Problem to work on
Make an exact copy of the lines from the one containing "このオプションは、[予算支払" through the end of the records below, and leave out every picture.

Segment Start: Data section

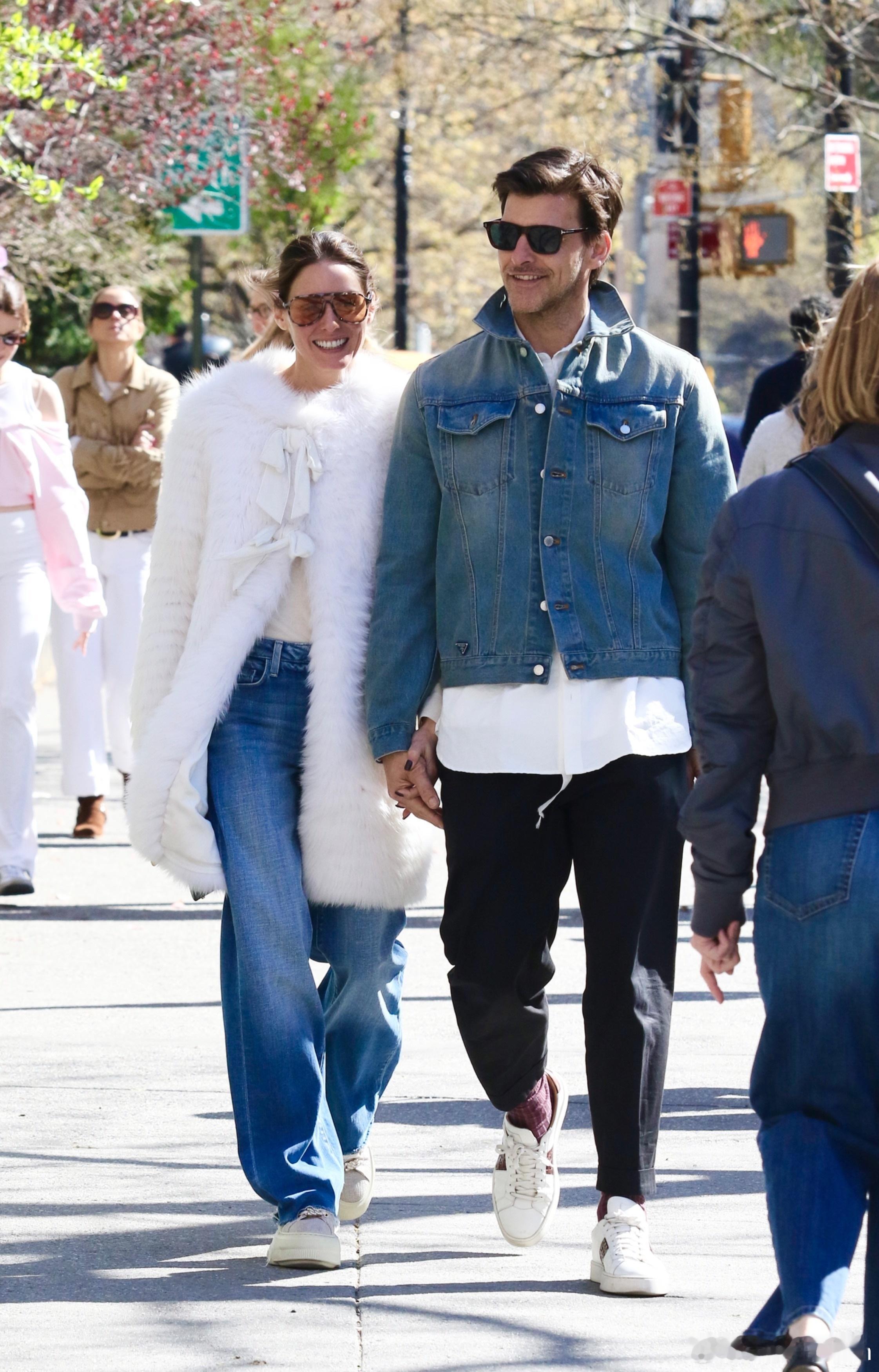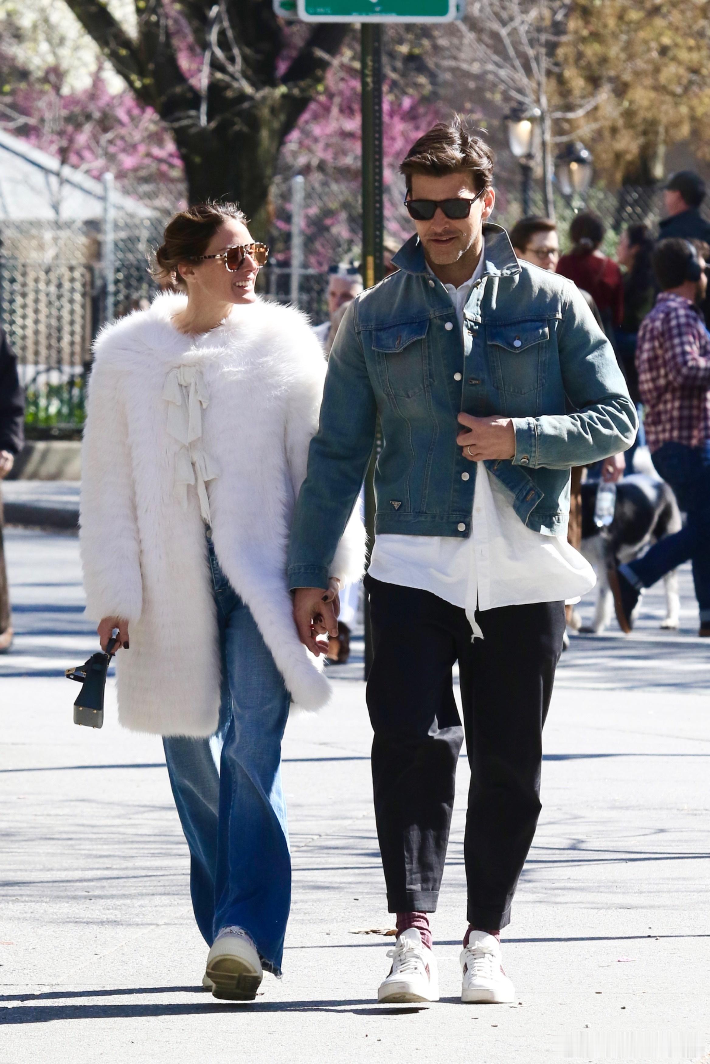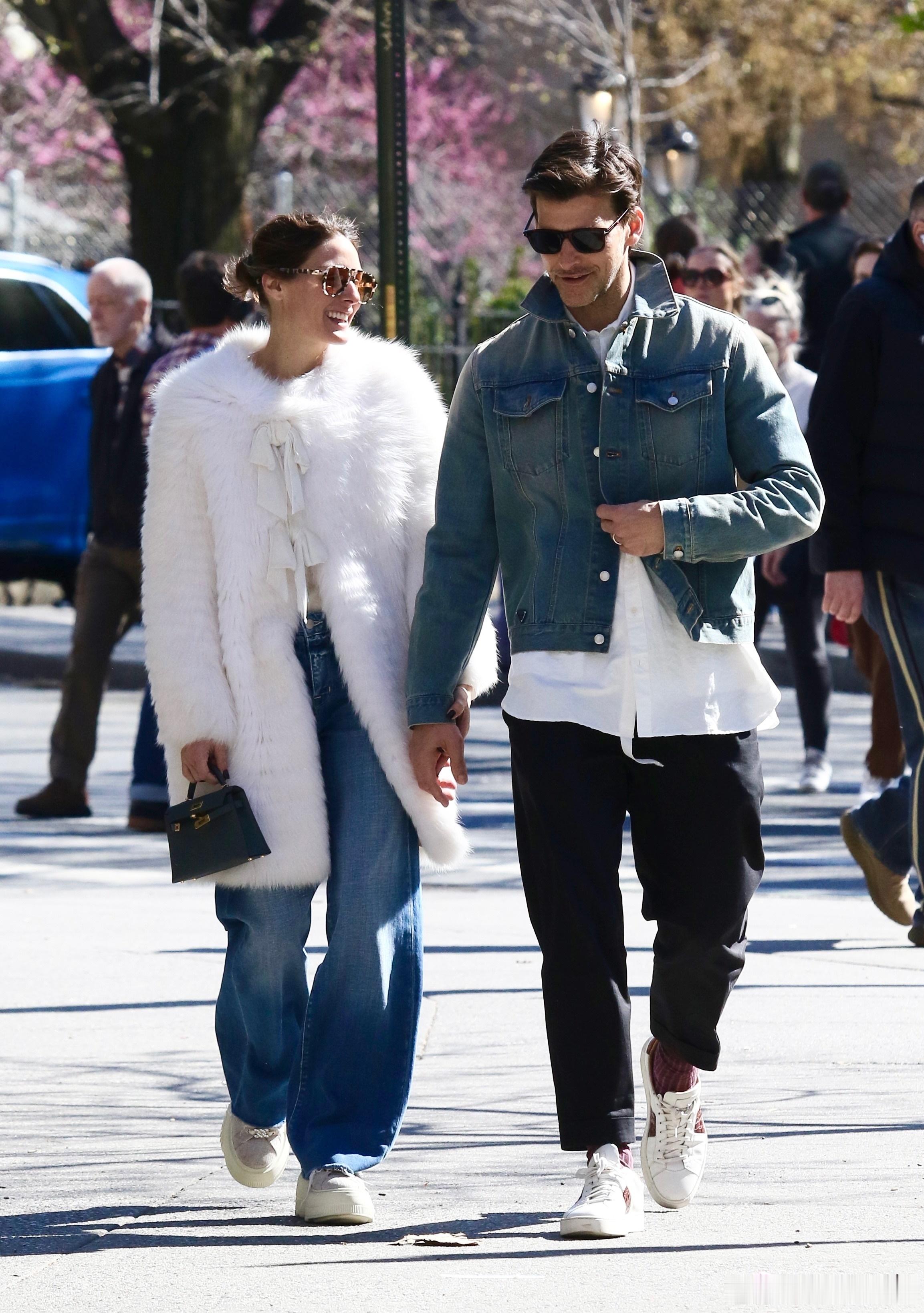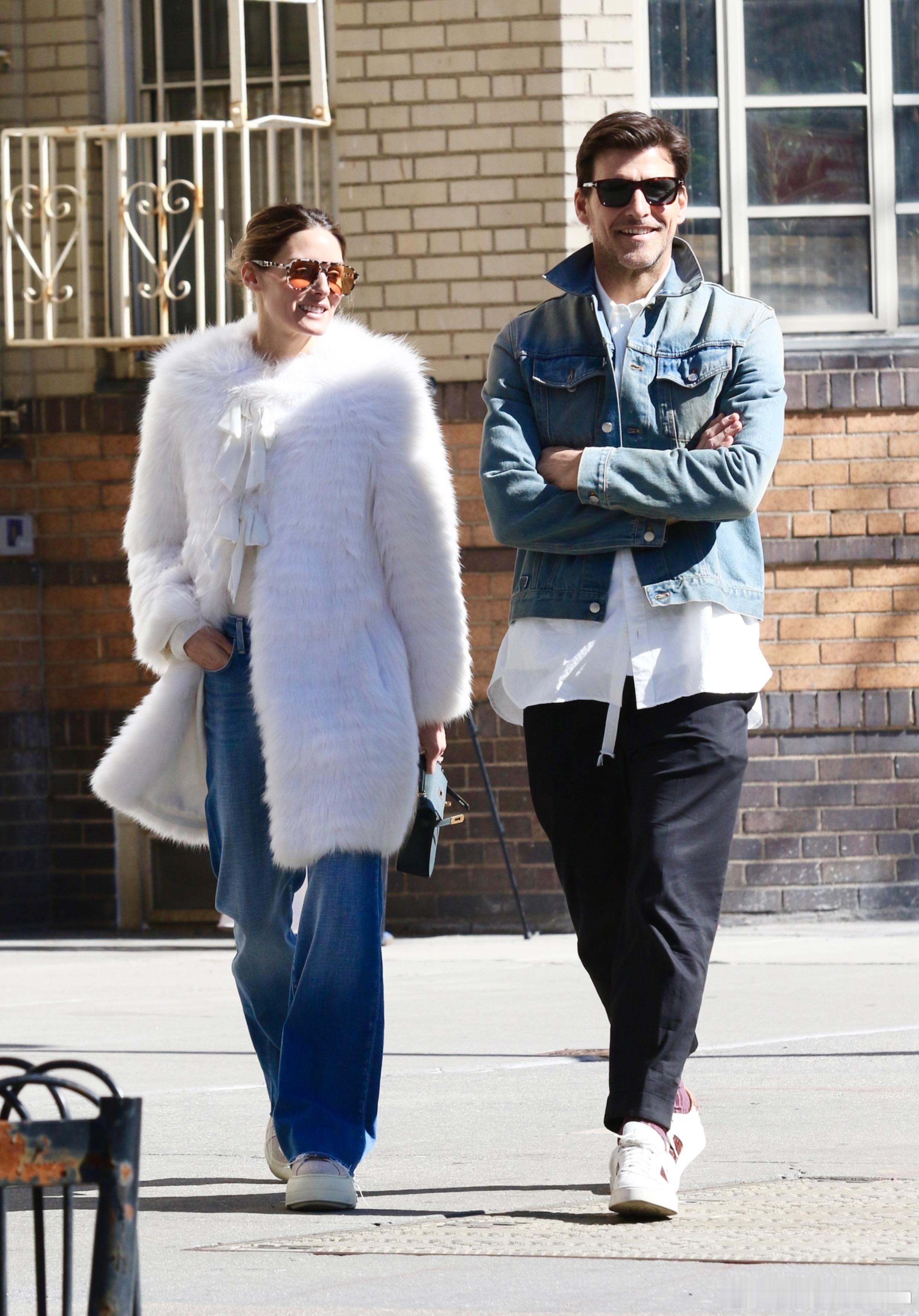 Olivia Palermo奥利维亚巴勒莫和老公Johannes Huebl约翰内斯徐贝尔在纽约外出散步,散一半两口子还旁若无人地腻歪亲吻起来
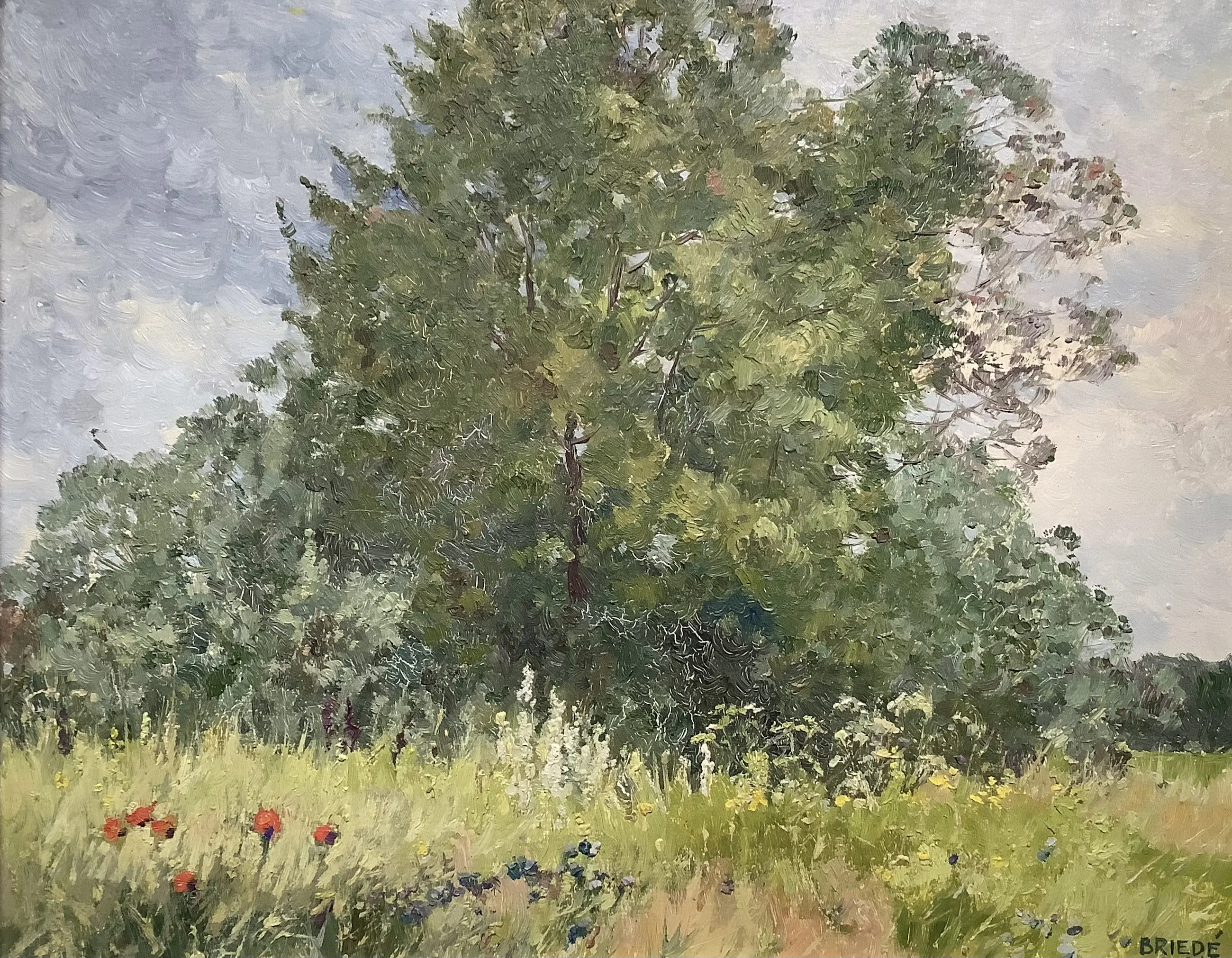 Zijn onderwerpen vond hij voornamelijk in de natuur, en hij haalde veel inspiratie uit zijn reizen naar Zweden, Frankrijk, Spanje en Mallorca. Ook was hij vaak op het Hilversumkanaal te vinden, waar hij vanuit zijn boot de waterplanten bestudeerde. In zijn landschappen is de invloed van de art nouveau, met de gestileerde lijnen en plantaardige motieven, goed te zien. Briedé deed deze invloed onder andere op bij zijn kunstenaarsvriend Theo van Hoytema.
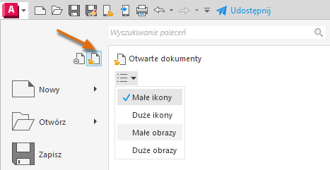 , a następnie kliknij ikonę Otwarte dokumenty.
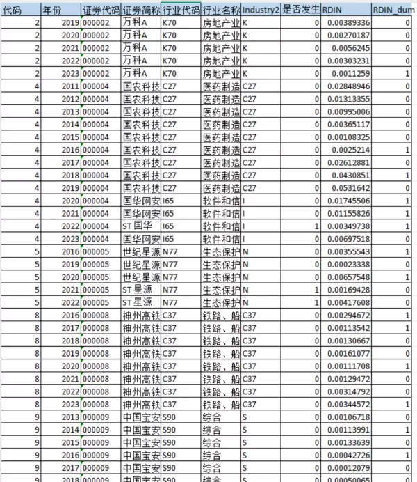 本数据集借鉴《财会月刊》苑泽明(2020)的研究方法,将研发操纵视为一种负向的真实盈余管理行为,并据此构建衡量指标。具体而言,当企业的异常研发支出(ABRD)大于0时,定义为存在研发操纵行为,此时将虚拟变量RDIN_dum赋值为1;否则为0。其中,TA表示企业总资产,RD代表实际研发支出,MV为企业市值的对数值,TBQ为企业托宾Q值,INT为营业利润,NMRD是通过模型估算出的正常研发支出水平,ABRD即为实际与预期之间的差额,反映研发操纵程度。
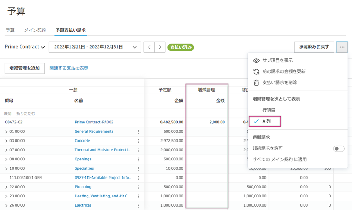 このオプションは、[予算支払い請求]、[メイン契約]、および[契約 SOV]、[費用支払い請求]、[契約]の詳細ビューで使用できます。
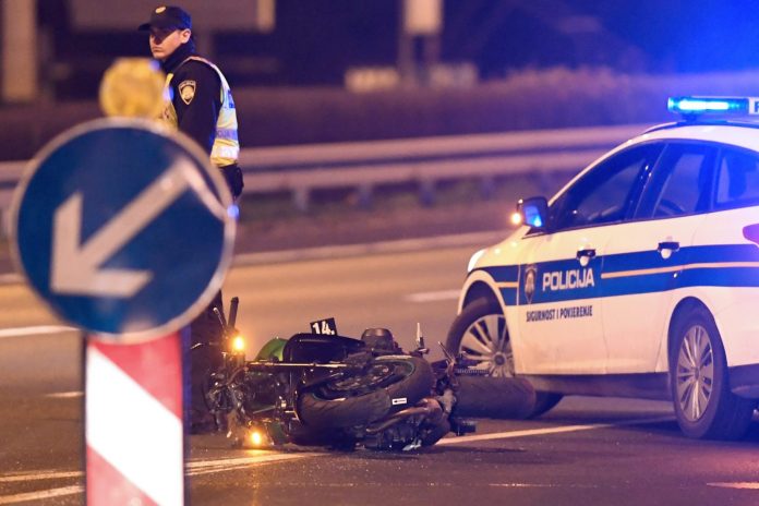 U prometnoj nesreći su vozač i pješaci zadobili lakše tjelesne ozljede, javlja policija, a nakon pada motocikl se nastavio kretati i udario je u službeno policijsko vozilo i oštetio ga.
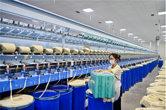 近日,江西省宜春市上高縣工業(yè)園區(qū)的一家民營(yíng)紡織企業(yè)車間內(nèi),工人在智能紡紗生產(chǎn)線上加工出口訂單產(chǎn)品。

Segment End: Data section

Result of this task
 このオプションは、[予算支払い請求]、[メイン契約]、および[契約 SOV]、[費用支払い請求]、[契約]の詳細ビューで使用できます。
 U prometnoj nesreći su vozač i pješaci zadobili lakše tjelesne ozljede, javlja policija, a nakon pada motocikl se nastavio kretati i udario je u službeno policijsko vozilo i oštetio ga.
 近日,江西省宜春市上高縣工業(yè)園區(qū)的一家民營(yíng)紡織企業(yè)車間內(nèi),工人在智能紡紗生產(chǎn)線上加工出口訂單產(chǎn)品。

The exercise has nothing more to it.